Douglas Talks to Elvis Shackleton About The End of Days (Part 1 of 17)

Added on 07 March 2011

Crime writer and trainee astronaut Douglas Lindsay talks to Long Midnight Publishing Marketing Director Elvis Shackleton about the new LMP Kindle release The End of Days.

Elvis Shackleton: I believe that what we see here with The End of Days is the book that finally made people see through the myth that was Gordon Brown. Before the serial came out, the public had this perception of Brown as this wonderfully warm and tender, happy, contented extrovert. Always engaging, always funny, a man who embraced life with a smile, a man who seemed to just want to grab everybody and give them a big hug. You made the British People realise that there was another side to him; that he could be sullen, dour and uncharismatic. 

Douglas Lindsay: I thought we were going to talk about my astronaut training? 

ES: Of course. So. Tell us about your astronaut training. Do you think it will interfere with your writing? 

DL: Yes, I’m rather afraid it will.
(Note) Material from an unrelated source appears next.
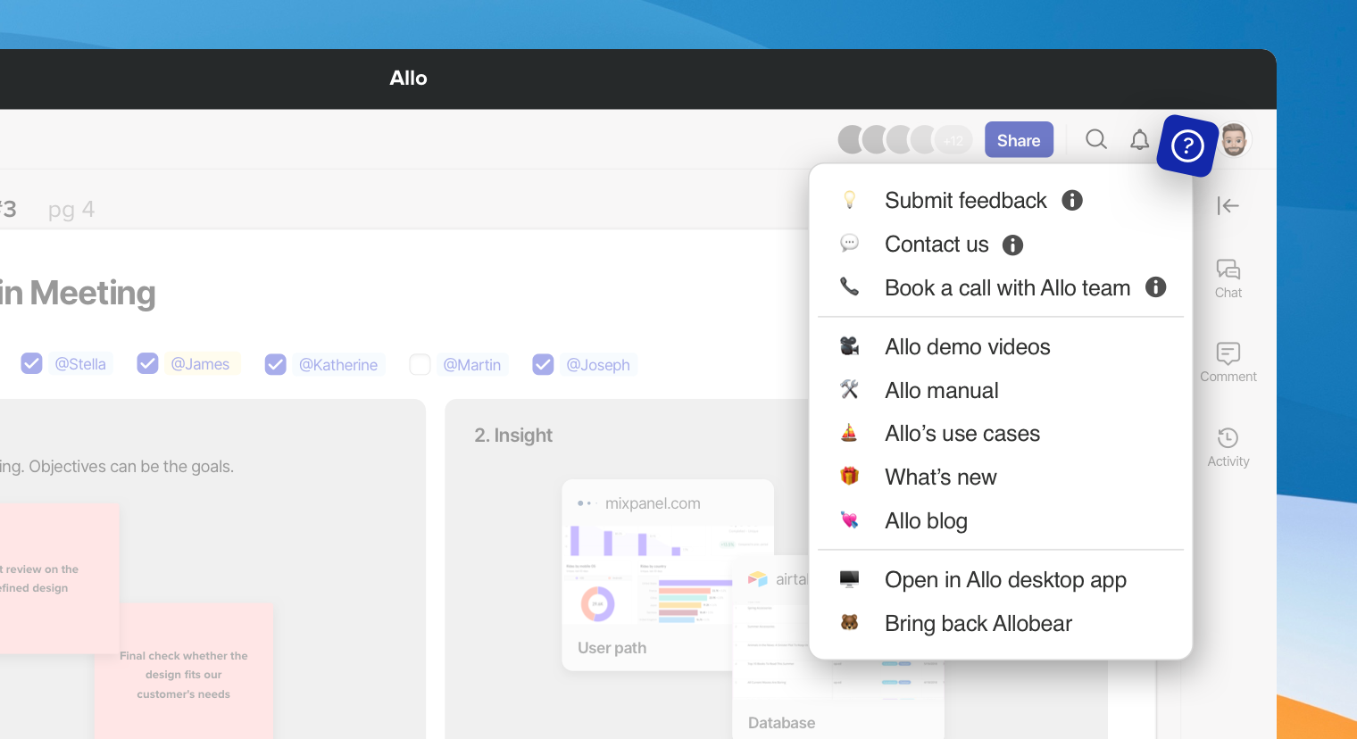 We know that for many of our users using a remote work software like Allo is a new experience, and often there are many questions that come up while exploring our unique visual documents. Because of this, over time have introduced the Allo helpers and written helpful articles like how to create visual documents All in an effort to making our platform easy to understand and more useful to you, our users. The same can be said for our improved help button. Now helpful resources are seconds away anytime in-app. We invite you to give it a try, and you can even tell us you like it (or don't š), using the submit feedback option. Your opinion on the platform matters and we are greatly inspired by your thoughtful feedback, empowering you to collaborate is why we made these resources and we are overjoyed to help you share, create and inspire with Allo.

Fortunately, however, I have a host of unpublished novels, essays, letters and 15th century Italian erotica, and as you know I’m in negotiation with Long Midnight to publish them in drip-feed fashion over the next fifty or sixty years. My fans don’t need to worry about there being a barren spell, so they can both relax. 

ES: And how about the training itself? What kinds of things are you doing? 

DL: Well, at the moment I’m running a lot. And last night I watched Dr Brian Cox on BBC2. 

ES: What about other astronaut-type stuff? Serious fitness training, G-force acclimatisation in one of those really fast merry-go-rounds, psychometric tests, physics, maths, astronomy, weightlessness training in a swimming pool, all that stuff. 

DL: No one actually does those things in real life. That’s just in films. 

ES: Well, enough of that. I think we can all be glad that this weekend saw the release on Amazon Kindle of The End of Days, the book version of the Westminster Massacre serial from Christmas 2009. Talk us through the days and weeks that led up to the publication of the novel? 

DL: Well, Elvis, it was all a bit seat of our pants. I first sat down in early February with Roger and Ian, Margaret, Chad and Rupert and talked out the Kindle concept for this book. We’d all read the book again and decided that it didn’t need too much work. But then, of course, Roger and Ian went out to business looking at the title. 

ES: Having Christmas in the title was a showstopper? 

DL: Absolutely. Especially when it’s not fundamentally a Christmas story. It’s about blood, death, slaughter, carnage, dickutation, abuse of power and doughnuts. The title, which had previously worked in a pre-Christmas type situation, was always going to be a millstone around the neck of the book from which it would likely never recover. Or, at least, not until December, by which time it could be too late, the company could have gone bust and we’ll all be dead. 

ES: So Roger and Ian went out to business? 

DL: Yeah. They went through a bidding process and we ended up giving the contract to KRNG Consulting. Those lads did a great job. They came back on budget – around £800,000 – and in less than a month with this great new title. The End of Days. When they brought that to the table we all just sat around weeping for hours. It was just such an iconic moment in publishing history.  Margaret wanted to give them even more money but they wouldn’t take it. 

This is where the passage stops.